Article

Intravascular tissue reactions induced by various types of bioabsorbable polymeric materials: Correlation between the degradation profiles and corresponding tissue reactions

Division of Interventional Neuroradiology, Department of Radiological Sciences, David Geffen School of Medicine, University of California Los Angeles, Los Angeles, CA 90095-1721, USA.
Neuroradiology (Impact Factor: 2.49). 02/2010; 52(11):1017-24. DOI: 10.1007/s00234-010-0657-x
Source: PubMed

ABSTRACT

Several different bioabsorbable polymeric coil materials are currently used with the goal of improving treatment outcomes of endovascular embolization of intracranial aneurysms. However, little is known about the correlation between polymer degradation profiles and concomitant tissue responses in a blood vessel.
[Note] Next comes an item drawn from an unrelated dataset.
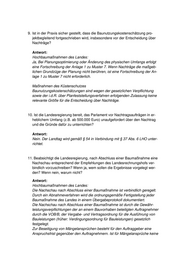 9. Ist in der Praxis sicher gestellt, dass die Baunutzungskostenschätzung pro- jektbegleitend fortgeschrieben wird, insbesondere vor der Entscheidung über Nachträge? Antwort: Hochbaumaßnahmen des Landes: Ja, Bei Planungsoptimierung oder Änderung des physischen Umfangs erfolgt eine Fortschreibung der Anlage 1 zu Muster 7. Wenn Nachträge die maßgeb- lichen Grundzüge der Planung nicht berühren, ist eine Fortschreibung der An- lage 1 zu Muster 7 nicht erforderlich. Maßnahmen des Küstenschutzes Baunutzungskostenschätzungen sind wegen der gesetzlichen Verpflichtung sowie der i.d.R. über Planfeststellungsverfahren erfolgenden Zulassung keine relevante Größe für die Entscheidung über Nachträge. 10. Ist die Landesregierung bereit, das Parlament vor Nachtragsaufträgen in er- heblichem Umfang (z.B. ab 500.000 Euro) unaufgefordert über den Nachtrag und die Gründe dafür zu unterrichten? Antwort: Nein. Der Landtag wird gemäß § 54 in Verbindung mit § 37 Abs. 6 LHO unter- richtet. 11. Beabsichtigt die Landesregierung, nach Abschluss einer Baumaßnahme eine Nachschau entsprechend der Empfehlungen des Landesrechnungshofs ver- bindlich vorzuschreiben? Wenn ja, wem sollen die Ergebnisse vorgelegt wer- den? Wenn nein, warum nicht? Antwort: Hochbaumaßnahmen des Landes: Die Nachschau nach Abschluss einer Baumaßnahme ist verbindlich geregelt. Durch ein Abnahmeverfahren wird die ordnungsgemäße Fertigstellung jeder Baumaßnahme des Landes in einem Übergabeprotokoll dokumentiert. Die Nachschau nach Abschluss einer Baumaßnahme ist durch die Gewähr- leistungsverpflichtungen der an einem Bauvorhaben beteiligten Auftragnehmer durch die VOB/B, der Vergabe- und Vertragsordnung für die Ausführung von Bauleistungen (früher: Verdingungsordnung für Bauleistungen) gesetzlich festgelegt. Zur Beseitigung von Mängelansprüchen besteht für den Auftraggeber eine Anspruchsfrist gegenüber den Auftragnehmern. Ist für Mängelansprüche keine

The authors describe in vitro degradation characteristics of nine different polymeric materials and their corresponding tissue responses induced in rabbit carotid arteries.
Mass loss and molecular weight loss of nine commercially available bioabsorbable sutures were evaluated in vitro up to16 weeks. The same nine materials, as well as platinum coils, were implanted into blind-end carotid arteries (n = 44) in rabbits, and their tissue reactions were evaluated histologically 14 days after the implantation.
Five of the nine polymers elicited moderate to strong tissue reactions relative to the remaining materials. While polymer mass loss did not correlate with their histologic findings, polymers that showed a faster rate of molecular weight loss had a tendency to present more active tissue reactions such as strong fibrocellular response around the implanted material with a moderate inflammatory cell infiltration. Maxon exhibited the fastest rate of molecular weight loss and poly-l-lactic acid the slowest.
The rate of molecular weight loss may be an important factor that is associated with the degree of bioactivity when bioabsorbable polymers are implanted into blood vessels. For further quantitative analysis, additional experiments utilizing established aneurysm models need to be conducted.